How does LSM generate such data format and when does it flush the data to disk? LSM maintains a fix sized red-black tree in memory. Whenever there is a write request, LSM will insert the node to red-black tree without accessing the disks. Once the red-black tree has reached to the defined size, usually the size is the one page or multiple page sizes of the external drive, LSM will convert the data into SST format and flush it all to the disks. The batch write and delay insertion is the key reason why LSM indexed database system could handle write-heavy loads.
Additionally, data compaction can be performed on the SST table to optimize the disk usage. In the example shown above, once the compaction is done, only one row will be stored and the row value is apple: 10, banana: 15, dog: 20.
Read data
When reading data, first it will check if the data is stored in memory by traversing the red-black tree. What do we do if the data is not stored in memory? A brutal force solution is to scan the SST to find the value but it would be very costly. To improve the efficiency on read operation, the sparse index is introduced, illustrated as below.

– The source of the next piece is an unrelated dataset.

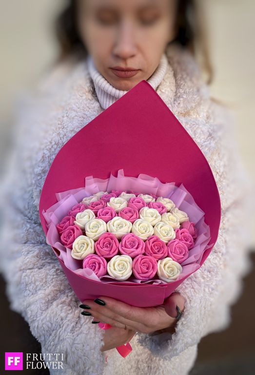 37 шоколадных розочек, сделанных из профессионального шоколада.

A sparse index stores some key in the SST as its key, and the data offset location as its value to enable fast look up. For instance, if we want to retrieve key avocado, by looking at the sparse index table, we know it is stored somewhere between apple and banana. Instead of scanning the entire table, we only need to look and the block stored between offset 152 and 200. This design also enables efficient range query.
B/B+ Tree
B tree stands for self-balanced tree. It supports search, insertion and deletion in logarithmic time. It can be effectively used to support read and range query operations. Here is the list of databases uses B tree/B+ tree as index: MySQL, PostgreSQL, and MongoDB.
Write data
The basic unit of B tree is node. Each node will have n keys, some metadata information storing reference to the storage, and (n+1) child nodes.

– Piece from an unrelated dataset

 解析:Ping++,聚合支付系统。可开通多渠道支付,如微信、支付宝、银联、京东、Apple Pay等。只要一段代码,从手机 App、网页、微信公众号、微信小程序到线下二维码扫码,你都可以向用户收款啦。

For a write request, the B tree will search for the insert location, just like any binary search tree would do, and then insert the node. Additionally, since each node has a fixed number of child nodes, if the child nodes reach to the limit, it will do a split, a process of electing a new root node from the child nodes and reform the tree.
As the graph shows the 1 key node, but in practice how big should the size of node be? To optimize the performance on both write and read, the node size is often equal to the page size of the external drive. For example, if the page size of the external drive is 16KB and each key has a size of 400B, then each node would contains 16000/400 = 40 keys and 41 child nodes possibly. In this way data can be operated in the minimum size of block to avoid the duplicated random access to external drive.
Read data
Since B tree is self-balanced, the data retrieve can be done in logarithmic time and directed accessed to page location of the external drive. This combination allows high volume reads to be finished with very low latency.
B+ Tree
B+Tree is an advanced version of B tree. There are two key differences:
- Node in B+ Tree does not store reference, it only stores the index, which requires fewer spaces. This enables each node stores more keys.

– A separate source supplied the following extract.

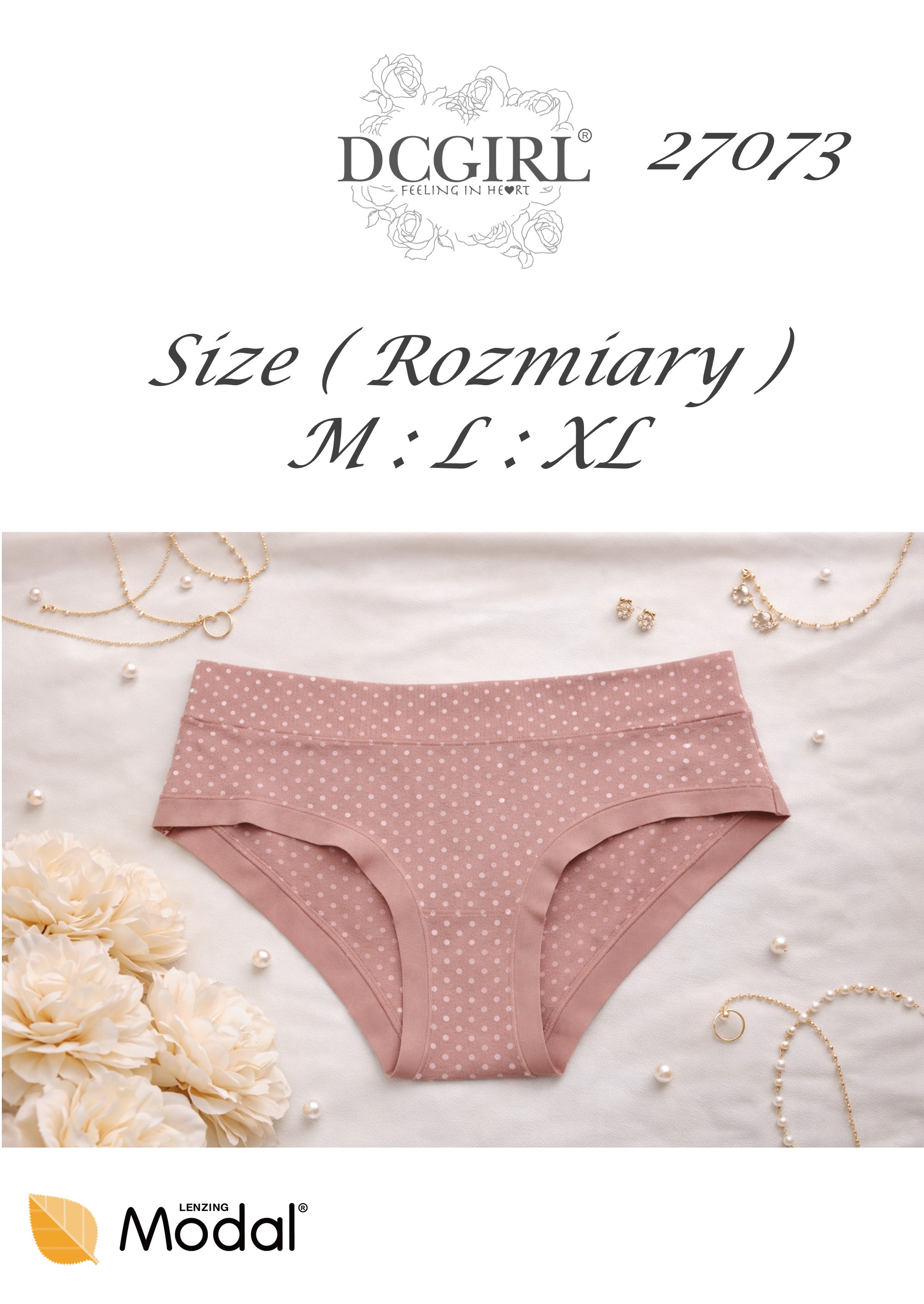 Жіночі трусики з ніжного модалу в горошок. Ідеально сидять. Упаковані в упаковки по 12 штук у різних кольорах та розмірах (M, L, XL). Склад: 94% модал, 6% еластан.

- B+ tree will elect search node during split, and store the search nodes as leaf node. More importantly, all the leaf nodes are linked. Thus, for a full scan of the data, it only needs to go to the beginning of the leaf node and do a linear traversal.
In summary, B+ tree has better performance on read and range query and that is one of the primary reasons why most relational databases use it as search index so often times the data are queried in multiple rows together.
Conclusion
- If the data storage can be stored in memory and the applications do many equality read, then you should consider choose database with Hash Index.
- If your applications are write intensive, and read pattern is range query, then you should consider choose database with LSM tree index.
- Lastly, if your applications are read intensive and do many range query, such as
LIKE "%s"
orGROUP BY
, then you should definitely consider using database system with B/B+ tree index.